If you've made an EIS or SEIS investment that results in being sold at a loss (or is liquidated), you may be able to claim tax relief on losses.
To qualify for relief, the value of an investment at sale must have fallen below the ‘net cost’.
The net cost is the amount of capital invested, minus whatever you may has been previously claimed in income tax relief. For example, if you invested £30,000 into an EIS-qualifying investment and you then claimed upfront income tax relief of £9,000 (equal to 30% of the amount you invested), the net cost of that investment would be £21,000.
The amount of relief an individual tax payer can claim is worked out by multiplying the value of their effective loss and their marginal rate of income tax.
Continuing the above example, the net cost would be £21,000. Depending on an individuals tax rate (20%, 40% or 45%) the rate is then multiplied by that rate, giving you your end loss relief amount.

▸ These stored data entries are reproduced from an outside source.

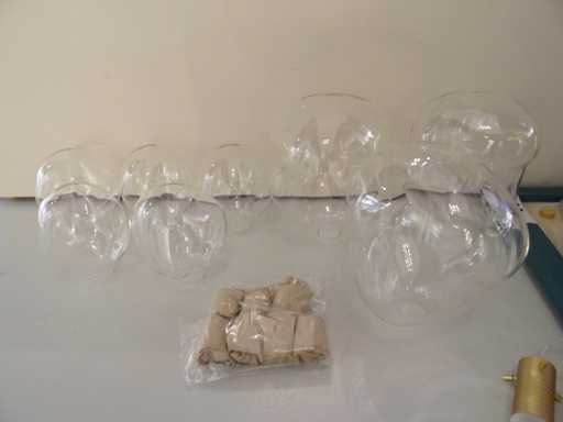 Couleur : laiton satiné, verre transparent ; Nombre de sources lumineuses : 8 ; 3x grande et 5x mini, plaque de plafond : 50x50cm, note : photo d’exemple, c’est en réalité un luminaire en laiton satiné avec des billes en verre transparent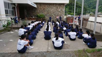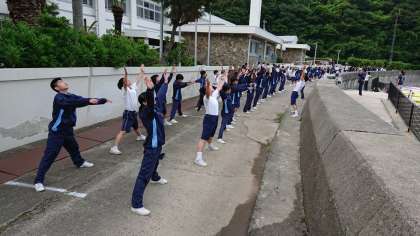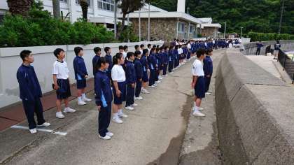 朝のつどい、ラジオ体操、校歌斉唱です!
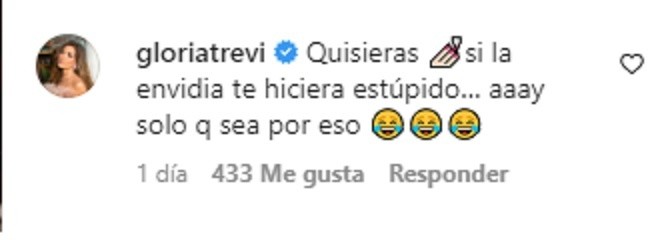 Gloria Trevi anda bastante molesta por los memes que se han generado después de que apareciera con un rostro muy diferente en un video que circula en las redes sociales.En el material, la cantante de 54 años luce con el rostro hinchado y "estirado", lo que sorprendió a varios cibernautas que de inmediato comenzaron a hacer memes, uno de ellos se colgó en el perfil de Instagram de una estación de radio en Hermosillo.Sin embargo, a Trevi no le hizo gracia y comentó dicha la publicación que fue compartida en las redes. "Quisieras, si la envidia te hiciera estúpi… aaay solo que sea por eso", se lee.Entre los comentarios de los cibernautas, pueden leerse tanto opiniones que apoyan a la intérprete de "Zapatos viejos", como aquellos que le aconsejan que ya le pare a las intervenciones estéticas."¿Pero cuál envidia? Sólo es un meme señora, además es la verdad, ya tienes cara de vela derretida y sólo es por tu culpa". "Gloria, tu eres hermosa. Pero lo que sí, es que ya déjate la cara, porque de esa belleza ya no está quedando nada. Con cariño te lo digo"."Cuando no se sabe envejecer con dignidad, pasa esto y bueno lo demás se cuenta solo. La verdad siempre duele. Aguanten vara ridicul@as".Actualmente, la cantante regiomontana se encuentra en plena gira que inauguró el pasado jueves en Puerto Rico, donde un fanático desde los 11 años llamado Juan Figueroa fue sorprendido por su pareja, Luis Morales, al pedirle matrimonio sobre el escenario.Trevi tendrá un espectáculo hoy en en el Sames Auto Arena en Laredo, y luego continuará en Hidalgo en el Payne Arena el 20 de agosto.MF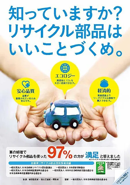 損害保険協会が車の修理でリサイクル部品を使った経験のあるお客様にアンケートを実施した結果によると97%の方が満足と回答されたそうです。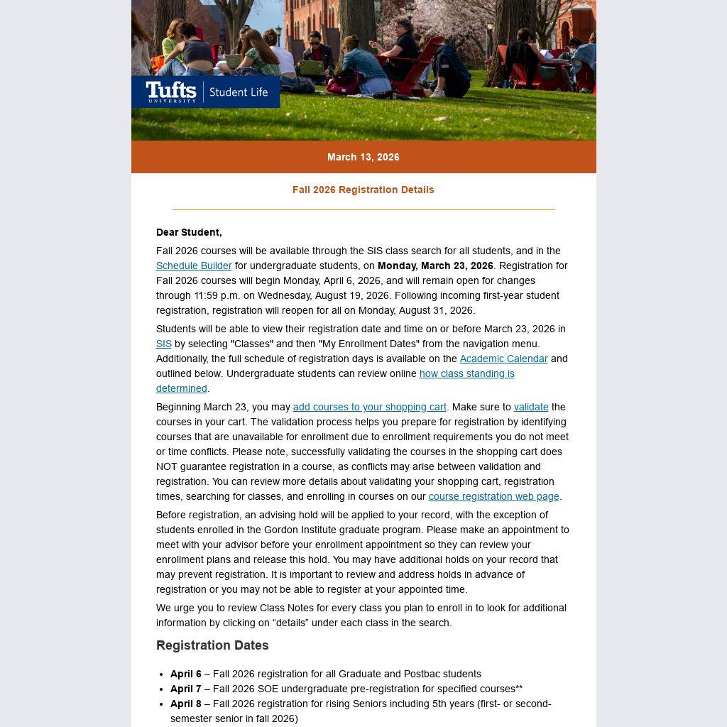 Fall 2026 courses will be available through the SIS class search for all students, and in the Schedule Builder for undergraduate students, on Monday, March 23, 2026. Registration for Fall 2026 courses will begin Monday, April 6, 2026, and will remain open for changes through 11:59 p.m. on Wednesday, August 19, 2026. Following incoming first-year student registration, registration will reopen for all on Monday, August 31, 2026.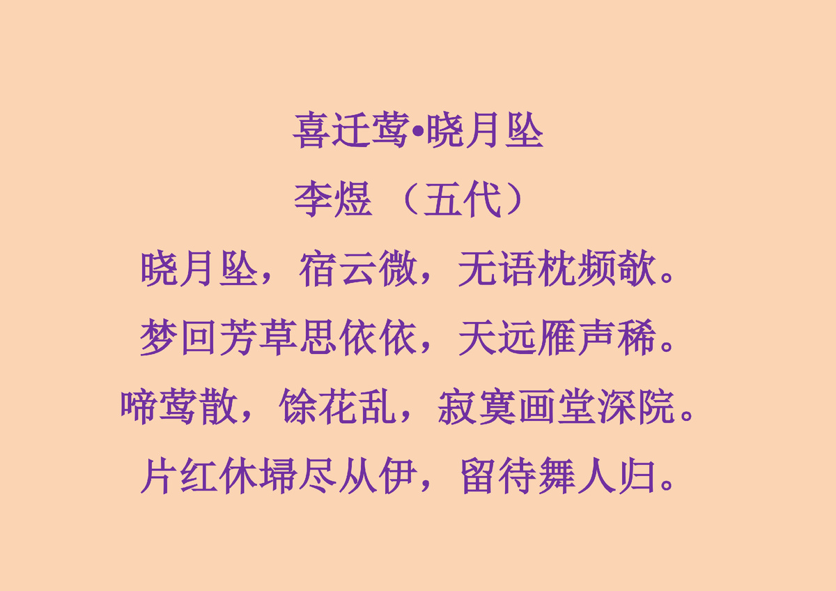 Стихотворение 1. 喜迁莺•晓月坠 Послушайте несколько раз стихотворение: Обратите внимание: стихотворение предоставлено вам в форме картинки. Это сделано с той целью, чтобы вы осуществляли поиск слов в словаре с помощью приложения Trainchinese через функцию «Ручной ввод» (手写). Так вы сможете потренироваться в поиске иероглифов. Как установить Trainchinese – смотри в рекомендациях: Задание: Найдите в словаре значения каждого слова в стихотворении. Выпишите значения слов и иероглифов (каждой морфемы), которые соответствуют тексту стихотворения. Перепишите стихотворение два раза, многократно прослушивая его чтение. Укажите транскрипцию под каждым иероглифом. Попробуйте сделать дословный и художественный перевод стихотворения.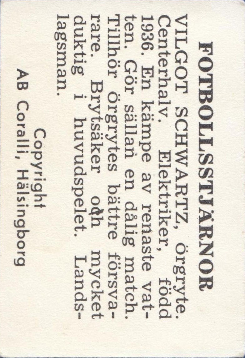 Djurgården 1 Arne Arvidsson 2 Jan Karlsson 3 Lars "Laban" Arnesson 4 Hans Mild 5 Gösta "Knivsta" Sandberg 6 Torsten Furukrantz 7 Berndt Andersson 8 Leif Eriksson 9 Hans Nilsson 10 Boris Johansson 11 Olle Hellström 12-20 - Never Issued - Malmö FF 21 Nils Hult 22 Jörgen Ohlin 23 Rolf Björklund 24 Lennart "Lill-Kick" Svensson 25 Krister Kristensson 26 Prawitz Öberg 27 Bertil Nilsson 28 Bertil Elmstedt 29 Lars Granström 30 Bo Larsson 31 Ingvar Swahn 32 Rolf Eriksson 33 Jan Ekström 34-40 - Never Issued - Örgryte 41 Kurt Johansson 42 Helge Börjesson 43 Anders Svensson 44 Vilgot Schwartz 45 Rolf Wetterlind 46 Jens Söderberg 47 Agne Simonsson 48 Rune Börjesson 49 Rolf Hansson 50 Lars Olofsson 51-60 - Never Issued - IFK Norrköping 61 Roland Andersson 62 Hans Rosander 63 Leif Holmqvist 64 Bill Björklund 65 "Bajdoff" Johansson 66 Björn Nordqvist 67 Ulf Hultberg 68 Ulf Jansson 69 Ove Kindvall 70 Örjan Martinsson 71 Lars Berglund 72-80 - Never Issued - AIK 81 Arne Lundqvist 82 Lennart Söderberg 83 Allan Wickström 84 Björn Anlert 85 Lennart Hemming 86 Tommy Stenborg 87 Inge Bengtsson 88 Björn "Lill-Garvis" Carlsson 89 Sören Häggström 90 Benny Söderling 91 Lennart Backman 92-100 - Never Issued - Hälsingborg 101 Stig Hallberg 102 Berne Hasselqvist 103 Bengt-Ove Johansson 104 Bert Olsson 105 Lars-Ove Nilsson 106 Lars-Erik Ahlberg 107 Ulf Jacobsson 108 Matts Johansson 109 Sylve Bengtsson 110 Ingvar Persson 111 Ingemar Nilsson 112-120 - Never Issued - Degerfors 121 Hans "Osten" Pettersson 122 Curt Edenvik 123 Sven Augustsson 124 Agne Andersson 125 Håkan Höglander 126 Tord Grip 127 Anders Asplund 128 Jan Aronsson 129 Leif Aronsson 130-140 - Never Issued - Hammarby IF 141 Sven Lindberg 142 Bertil Carlsson 143 Arne Larsson 144 Hans Nell 145 Inge Persson 146 Gösta Lundell 147 Björn "Bönan" Löf 148 Lennart "Nacka" Skoglund 149 Lars Nordin 150 Berndt Lif 151 Karl-Evert "YA" Skoglund 152 Tom Turesson 153 Leif "Myran" Ekstig 154 Ulf Wahlqvist 155 Håkan Magnusson 156-160 - Never Issued - IFK Göteborg 161 Gunro Lindberg 162 Paul Johansson 163 Kenny Karlsson 164 Ingvar Svensson 165 Lennart Nilsson 166 Ralph Nyberg 167 Bengt "Fölet" Berndtsson 168 Lennart Wallin 169 Bertil "Bebben" Johansson 170 Dick Andersson 171-180 - Never Issued - IF Elfsborg 181 Rolf Johansson 182 Vigar Bartholdsson 183 Jan-Olof Modig 184 Leif Olsson 185 Boris Målberg 186 Hans Gustavsson 187 Lars-Åke Gunnarsson 188 Ove Westerberg 189 Ove Grahn 190 Henry Larsson 191 Gert Christiansson 192-200 - Never Issued - Örebro SK 201 Sven-Gunnar Larsson 202 Annti Lundgren 203 Olle Sääw 204 Orvar Bergmark 205 Olle Gustavsson 206 Benny Lennartsson 207 Ronnie Olsson 208 Hans Nordin 209 Leif Wendt 210 Keit Pettersson 211 Björn Juhlin 212-220 - Never Issued - GIF Sundsvall 221 Hans Eriksson 222 Åke Jansson 223 Conny Clack 224 Jarl Andrén 225 Leopold Jihage 226 Yngve "Pecka" Nordin 227 Hans Lundblad 228 Kjell Eriksson 229 Bertil Hage

E.g. £21,000 x 45% = £9,450.
Loss relief can be claimed against Income Tax and Capital Gains Tax. It can be claimed for via your Self-Assessment Form.
In your claim you should specify the source of the loss, the tax year of the loss and the tax year or years to which the loss should be applied.
You must make the claim within one year of the 31st January following the end of the tax year in which the loss occurred. E.g. If the loss occurred in November 2019, you can claim no later than during the January 2022 Tax Filing Window.
Please note, RLC Ventures does not provide Tax Advice and the above information should not be treated as such. Please consult a Tax Advisor if you are seeking professional advice.